Discussion:
[tug-summer-of-code] A hyperlinked and highlighted version of sample2e.tex
Jonathan Fine
2009-03-22 17:37:17 UTC
Permalink
Hi

This is about displaying and navigating TeX source with a web browser.

As you probably know, sample2e.tex is a brief introduction-by-example to
LaTeX, and I'm using it as my example file.

Today I gave myself a one-day project, which was to syntax highlight
this file, and provide hyperlinks for control sequences.

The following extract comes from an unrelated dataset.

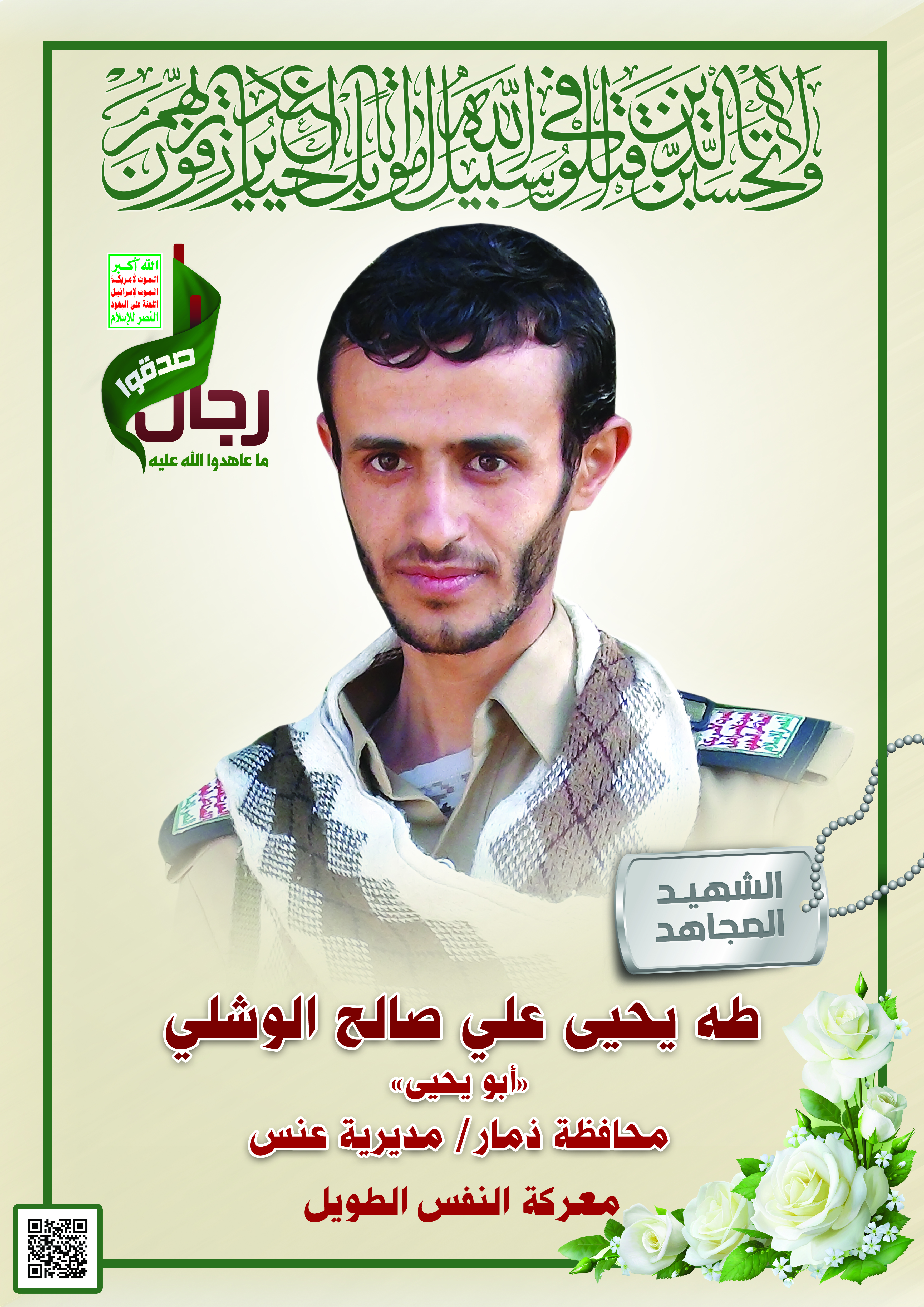 Actor طه يحيى علي صالح الوشلي Filmography SONY DSC SONY DSC SONY DSC الشهيد المجاهد: طه يحيى علي صالح الوشلي – أبو يحيى المحافظة: ذمار المديرية: عنس زبيد – معركة النفس الطويل رقم الحافظة: 123084 FILMOGRAPHY icon فلاشة وصايا الخالدين – طه يحيى علي صالح الوشلي – أبو يحيى 11/01/2020 25/11/2021

I'm finished now, and you can see what I've done at:
<http://pytex.svn.sourceforge.net/viewvc/pytex/trunk/pytex/sandbox/jfine/macroload/sample2e.html?revision=65>

You can see (highlighted) the Python script that produced this output at:
<http://pytex.svn.sourceforge.net/viewvc/pytex/trunk/pytex/sandbox/jfine/macroload/highlight.py?revision=65&view=markup>

BTW, this output has hyperlinks, but the targets don't exist yet. That
is another project.

You can see SourceForge's highlighted version of sample2e.tex at:
<http://pytex.svn.sourceforge.net/viewvc/pytex/trunk/pytex/sandbox/jfine/macroload/sample2e.tex?view=markup>

You might ask: Why don't you just use the same highlighting tool as
Sourceforge? I have two main reasons for writing my own. First, I want
to put hyperlinks in the output, and Pygments (used by Sourceforge)
doesn't do this (and can't easily be extended to do this). Second, I
want a simple and reliable tokenizer for TeX/LaTeX input that does not
change category codes.

I've copied the TUG Google Summer of Code mailing list because work in
this direction was one of the projects TUG was proposing. Sadly, TUG
did not this year accept us as a mentoring organisation.
--
Jonathan
Arthur Reutenauer
2009-03-22 19:25:39 UTC
Permalink
Sadly, TUG did not
this year accept us as a mentoring organisation.
I hope you mean Google :-)

Arthur
Jonathan Fine
2009-03-22 20:01:20 UTC
Permalink
Post by Arthur Reutenauer
Sadly, TUG did not
this year accept us as a mentoring organisation.
I hope you mean Google :-)
Yes, you're right here. I was wanting to say that "TUG was not accepted
this year ...", but changed construction in mid-phrase.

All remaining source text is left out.